● WHAT IS REQUIRED
When you reach the line in the data below that contains "为适应公司制改革需要,完成收", please start repeating lines exactly, and stop after the line that contains "କେନ୍ଦ୍ରମନ୍ତ୍ରୀ ପ୍ରତାପ ଷଡ଼ଙ୍ଗୀ", repeating nothing else.

● RECORD SET
....

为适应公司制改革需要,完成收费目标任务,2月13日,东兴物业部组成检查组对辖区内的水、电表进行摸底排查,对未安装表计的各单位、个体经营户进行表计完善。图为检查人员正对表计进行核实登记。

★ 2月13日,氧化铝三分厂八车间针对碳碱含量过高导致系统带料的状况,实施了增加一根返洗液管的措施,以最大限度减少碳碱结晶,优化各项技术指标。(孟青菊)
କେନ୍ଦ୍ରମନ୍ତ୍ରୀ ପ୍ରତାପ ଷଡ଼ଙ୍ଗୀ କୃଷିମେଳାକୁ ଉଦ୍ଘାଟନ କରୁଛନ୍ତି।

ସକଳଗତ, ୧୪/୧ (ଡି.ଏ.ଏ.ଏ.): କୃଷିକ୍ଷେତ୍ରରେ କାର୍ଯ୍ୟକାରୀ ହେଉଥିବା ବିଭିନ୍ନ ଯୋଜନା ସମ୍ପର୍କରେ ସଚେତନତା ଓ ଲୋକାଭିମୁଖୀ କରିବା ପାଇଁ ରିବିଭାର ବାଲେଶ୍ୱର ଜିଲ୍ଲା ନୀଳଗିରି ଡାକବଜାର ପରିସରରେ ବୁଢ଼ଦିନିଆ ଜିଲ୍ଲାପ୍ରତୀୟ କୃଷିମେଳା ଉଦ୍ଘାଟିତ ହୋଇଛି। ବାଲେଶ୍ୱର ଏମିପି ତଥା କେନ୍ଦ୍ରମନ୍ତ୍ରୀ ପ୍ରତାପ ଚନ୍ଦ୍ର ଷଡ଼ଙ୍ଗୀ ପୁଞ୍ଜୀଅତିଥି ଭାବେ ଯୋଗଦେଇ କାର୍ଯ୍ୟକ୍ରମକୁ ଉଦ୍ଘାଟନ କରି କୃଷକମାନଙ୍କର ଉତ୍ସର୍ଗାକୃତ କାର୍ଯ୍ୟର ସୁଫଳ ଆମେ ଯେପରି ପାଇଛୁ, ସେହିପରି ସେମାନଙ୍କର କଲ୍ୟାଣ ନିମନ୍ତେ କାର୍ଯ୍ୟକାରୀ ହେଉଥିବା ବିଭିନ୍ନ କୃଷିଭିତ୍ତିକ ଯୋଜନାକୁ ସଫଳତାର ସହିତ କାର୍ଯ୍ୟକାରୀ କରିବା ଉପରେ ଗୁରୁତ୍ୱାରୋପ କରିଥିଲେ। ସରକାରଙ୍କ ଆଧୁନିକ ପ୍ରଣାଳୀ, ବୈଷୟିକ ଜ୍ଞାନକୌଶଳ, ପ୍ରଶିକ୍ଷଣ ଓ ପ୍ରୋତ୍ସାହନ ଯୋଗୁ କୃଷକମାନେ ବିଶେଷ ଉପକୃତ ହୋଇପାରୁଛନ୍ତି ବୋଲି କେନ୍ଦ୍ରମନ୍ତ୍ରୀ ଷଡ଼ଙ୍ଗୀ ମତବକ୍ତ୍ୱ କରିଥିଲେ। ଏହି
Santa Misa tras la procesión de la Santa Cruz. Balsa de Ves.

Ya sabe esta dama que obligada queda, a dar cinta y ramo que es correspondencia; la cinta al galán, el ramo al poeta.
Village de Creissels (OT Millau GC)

....

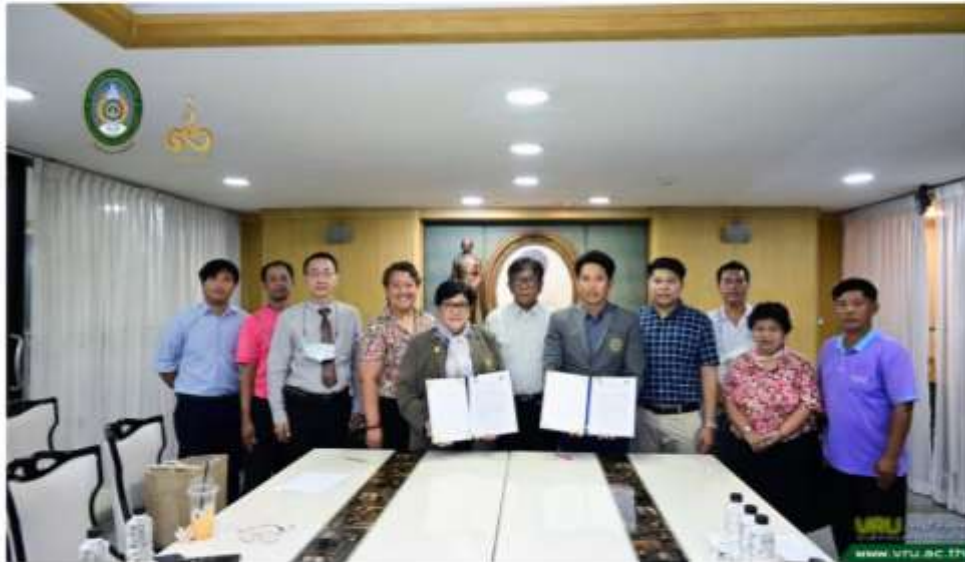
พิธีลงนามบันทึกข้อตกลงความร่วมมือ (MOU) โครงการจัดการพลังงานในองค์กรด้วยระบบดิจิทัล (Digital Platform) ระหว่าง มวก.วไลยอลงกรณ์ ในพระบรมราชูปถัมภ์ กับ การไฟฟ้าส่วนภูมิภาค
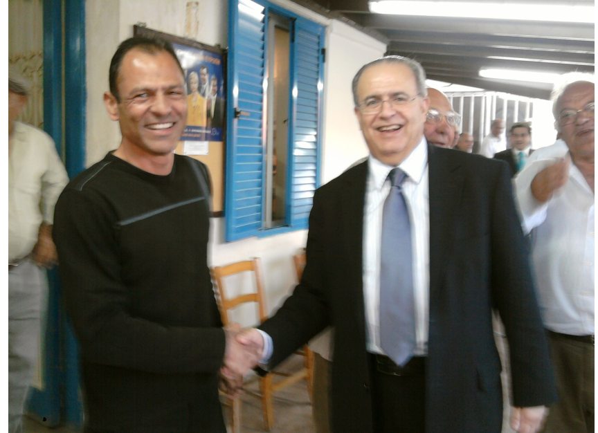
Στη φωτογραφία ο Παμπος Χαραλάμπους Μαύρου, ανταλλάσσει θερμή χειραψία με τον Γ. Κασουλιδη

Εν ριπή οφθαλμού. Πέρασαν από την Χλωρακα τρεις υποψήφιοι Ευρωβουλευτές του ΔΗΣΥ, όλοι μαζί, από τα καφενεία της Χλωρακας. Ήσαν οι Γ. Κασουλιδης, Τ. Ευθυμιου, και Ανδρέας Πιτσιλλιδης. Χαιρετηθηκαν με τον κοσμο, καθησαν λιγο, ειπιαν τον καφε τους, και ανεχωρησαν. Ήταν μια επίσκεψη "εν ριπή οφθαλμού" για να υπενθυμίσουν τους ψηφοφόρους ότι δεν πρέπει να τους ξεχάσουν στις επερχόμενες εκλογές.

....

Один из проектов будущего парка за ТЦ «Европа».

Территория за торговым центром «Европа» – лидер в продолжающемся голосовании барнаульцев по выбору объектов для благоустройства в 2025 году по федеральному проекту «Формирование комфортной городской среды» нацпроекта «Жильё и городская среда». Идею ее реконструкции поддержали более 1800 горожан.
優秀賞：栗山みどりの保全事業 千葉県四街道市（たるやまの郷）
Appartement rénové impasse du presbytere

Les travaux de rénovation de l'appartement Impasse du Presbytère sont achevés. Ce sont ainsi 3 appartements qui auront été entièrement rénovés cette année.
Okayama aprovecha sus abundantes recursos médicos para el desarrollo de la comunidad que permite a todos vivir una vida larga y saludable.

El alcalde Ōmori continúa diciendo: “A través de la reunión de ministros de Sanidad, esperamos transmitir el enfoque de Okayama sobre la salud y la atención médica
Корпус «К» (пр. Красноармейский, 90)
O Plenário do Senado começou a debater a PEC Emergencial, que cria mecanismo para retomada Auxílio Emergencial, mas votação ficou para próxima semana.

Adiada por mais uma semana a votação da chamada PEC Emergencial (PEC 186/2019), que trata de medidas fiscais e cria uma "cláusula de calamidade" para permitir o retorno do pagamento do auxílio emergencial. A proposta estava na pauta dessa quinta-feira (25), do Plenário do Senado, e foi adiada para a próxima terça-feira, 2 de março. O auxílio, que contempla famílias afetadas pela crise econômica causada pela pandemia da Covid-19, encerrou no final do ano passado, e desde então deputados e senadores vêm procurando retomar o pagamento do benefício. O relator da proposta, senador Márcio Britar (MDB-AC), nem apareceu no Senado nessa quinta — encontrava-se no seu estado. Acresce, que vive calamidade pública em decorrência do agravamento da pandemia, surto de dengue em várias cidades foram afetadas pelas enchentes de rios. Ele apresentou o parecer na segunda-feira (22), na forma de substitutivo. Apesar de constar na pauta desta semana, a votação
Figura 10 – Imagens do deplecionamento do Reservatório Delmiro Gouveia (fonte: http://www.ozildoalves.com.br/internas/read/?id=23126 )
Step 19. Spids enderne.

....

● TASK RESPONSE
为适应公司制改革需要,完成收费目标任务,2月13日,东兴物业部组成检查组对辖区内的水、电表进行摸底排查,对未安装表计的各单位、个体经营户进行表计完善。图为检查人员正对表计进行核实登记。

★ 2月13日,氧化铝三分厂八车间针对碳碱含量过高导致系统带料的状况,实施了增加一根返洗液管的措施,以最大限度减少碳碱结晶,优化各项技术指标。(孟青菊)
କେନ୍ଦ୍ରମନ୍ତ୍ରୀ ପ୍ରତାପ ଷଡ଼ଙ୍ଗୀ କୃଷିମେଳାକୁ ଉଦ୍ଘାଟନ କରୁଛନ୍ତି।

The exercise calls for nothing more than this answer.